A great groan arose from the trees, just as the sigh had a moment earlier. Tammy tried to move away from the tree she touched, but her hand was locked on the wood and she could not pull it free. The warmth lingered in her arm a moment and then settled at the base of her skull. Whatever the warmth was, it was alive. Spreading from her neck, downward, it took Tammy’s consciousness again.
Slipping into darkness, Tammy heard the cry of a baby split and become the cry of two babies. She knew one was a boy and one was a girl, although she never saw them. They were her twin babies and the forest wanted them. It needed them for some task that she could not understand.
In the singsong lilt of a children's nursery rhyme, Tammy heard her sister singing the chorus of an unknown song:
Two babes crying in the tall treetops,
searching the forest for growing spots.
Teardrops fall and water the ground,
new gods growing all around.
Cindy was at Daisy Lawn, maybe singing in her room to some of her invisible friends, maybe just sleeping off her daily meds. Tammy could not know for sure. All she knew was that Cindy was not there with her. Moving her arms out from her sides, she could tell she was in her bed. She opened her eyes. It was still daylight outside. There were no sepia-tones and no living chair-man. A thin amber colored crochet blanket lay over her and her soft, thick comforter was under her.
Laughing, she realized she must have taken a nap. The comforter was the moss of her dream, and the amber colored blanket over her had caused the sepia color of the dream. Throwing the cover aside, she moved to the edge of the bed and dangled her feet there.
It had to be well past time for Matt to be home. The clock on her nightstand said the time was only nine in the morning. That was crazy, though. Matt left at nine. Checking her cell phone, she saw that the time was correct—it was only nine in the morning.

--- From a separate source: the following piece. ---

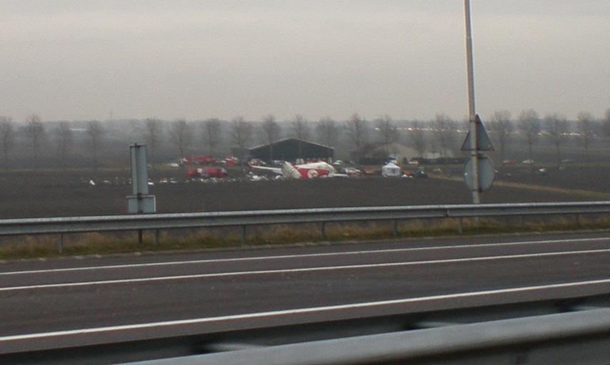 Keywords: Turkish Airlines Flight 1951 (1b).JPG en Turkish Airlines Flight 1951 was a scheduled flight from Istanbul Turkey to Amsterdam Netherlands The Boeing 737-800 aircraft broke up into three parts due to the crash into a field outside Amsterdam's Schiphol Airport at 9 31 UTC 10 31 CET on 25 February 2009 Although the wreck did not catch fire an official press conference confirmed the death of nine people and the injury of eighty The crash site is located approximately 3 kilometres 1 9 mi north of the Polderbaan runway 18R-36L just beside the A9 motorway The cause of the crash has not yet been determined de Turkish Airlines Flug 1951 war ein Linienflug vom Atatürk-Flughafen in Istanbul nach Amsterdam Am 25 Februar 2009 gegen 09 40 Uhr UTC stürzte das Flugzeug beim Landeanflug auf den Flughafen Schiphol ab Die Absturzstelle liegt etwa drei Kilometer nördlich des Aufsetzpunktes der Landebahn 18R unweit des Autobahnkreuzes Rottepolderplein der A9 mit der A200 westlich von Zwanenburg 12 Das Flugzeug zerbrach in drei Teile fing aber kein Feuer Laut offizieller Pressekonferenz gab es 9 Tote und 50 Verletzte fr Le vol 1951 Turkish Airlines est un vol régulier de la compagnie aérienne nationale Turkish Airlines entre Istambul et Amsterdam Le Boeing 737-800 s'est écrasé à proximité de l'aéroport d'Amsterdam-Schiphol le 25 février 2009 faisant 9 morts et 50 blessés nl Turkish Airlines-vlucht 1951 was een vlucht van Luchthaven Istanbul Atatürk naar Schiphol Het vliegtuig een Boeing 737-800 gebouwd in 2002 van de Turkse maatschappij Turkish Airlines stortte op 25 februari 2009 rond 10 31 uur neer in een weiland bij Schiphol ten noorden van de Polderbaan nabij autosnelweg A9 own Janericloebe 2009-02-25 52 3767 4 712877 Turkish Airlines Flight 1951 |

Jumping from the bed, she trotted barefoot down the hall to the nursery. The drop plastic lay in the corner where she left it. Downstairs, in the baby room, the glass was unbroken, but the blood splatter remained—a reminder that at least part of her memory was real.
The clock in the kitchen said it was now ten minutes after nine. Confused, Tammy sat at the little table by the window and waited for Matt to be home.